START SUPPLIED RECORDS
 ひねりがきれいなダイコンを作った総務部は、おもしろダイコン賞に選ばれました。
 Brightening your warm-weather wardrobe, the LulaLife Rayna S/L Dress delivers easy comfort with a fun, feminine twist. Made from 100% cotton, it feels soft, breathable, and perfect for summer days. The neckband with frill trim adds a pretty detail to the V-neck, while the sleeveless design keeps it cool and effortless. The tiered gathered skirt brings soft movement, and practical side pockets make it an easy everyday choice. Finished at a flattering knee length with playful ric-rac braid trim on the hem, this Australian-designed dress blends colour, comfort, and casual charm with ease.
END SUPPLIED RECORDS
START SUPPLIED RECORDS
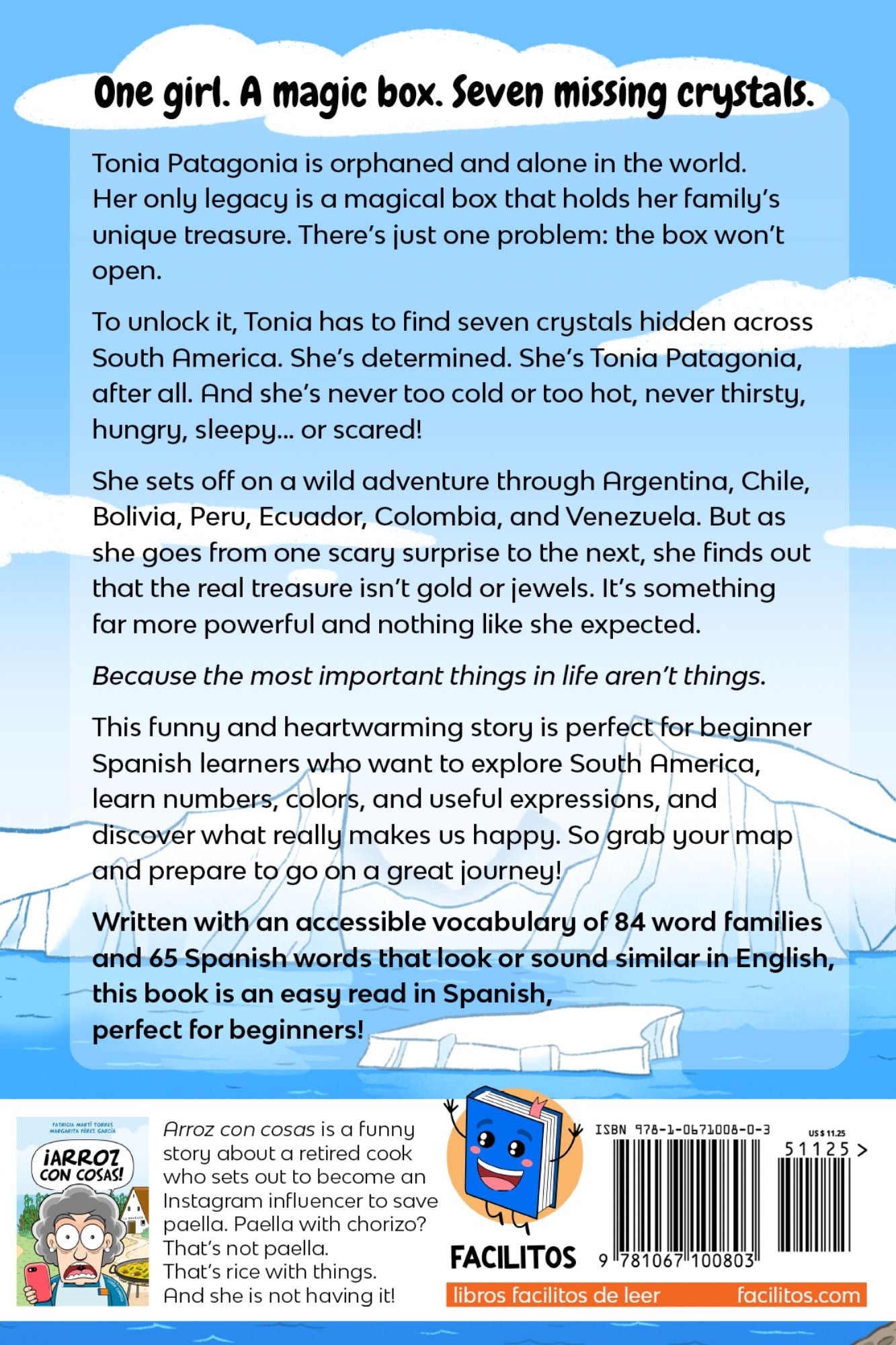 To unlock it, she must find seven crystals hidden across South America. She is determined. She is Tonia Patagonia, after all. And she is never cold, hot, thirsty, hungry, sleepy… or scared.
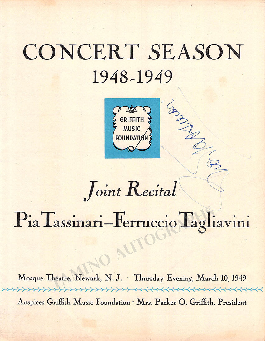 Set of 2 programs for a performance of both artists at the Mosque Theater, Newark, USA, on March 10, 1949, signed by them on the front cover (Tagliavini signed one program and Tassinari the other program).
END SUPPLIED RECORDS
__WORK ORDER__. Output exactly the stretch of the listing that begins at the line containing "To unlock it, she" and ends at the line containing "Set of 2 programs", both kept. Omit pictures and everything else.

__RESPONSE FOR THIS EXERCISE__.
 To unlock it, she must find seven crystals hidden across South America. She is determined. She is Tonia Patagonia, after all. And she is never cold, hot, thirsty, hungry, sleepy… or scared.
 Set of 2 programs for a performance of both artists at the Mosque Theater, Newark, USA, on March 10, 1949, signed by them on the front cover (Tagliavini signed one program and Tassinari the other program).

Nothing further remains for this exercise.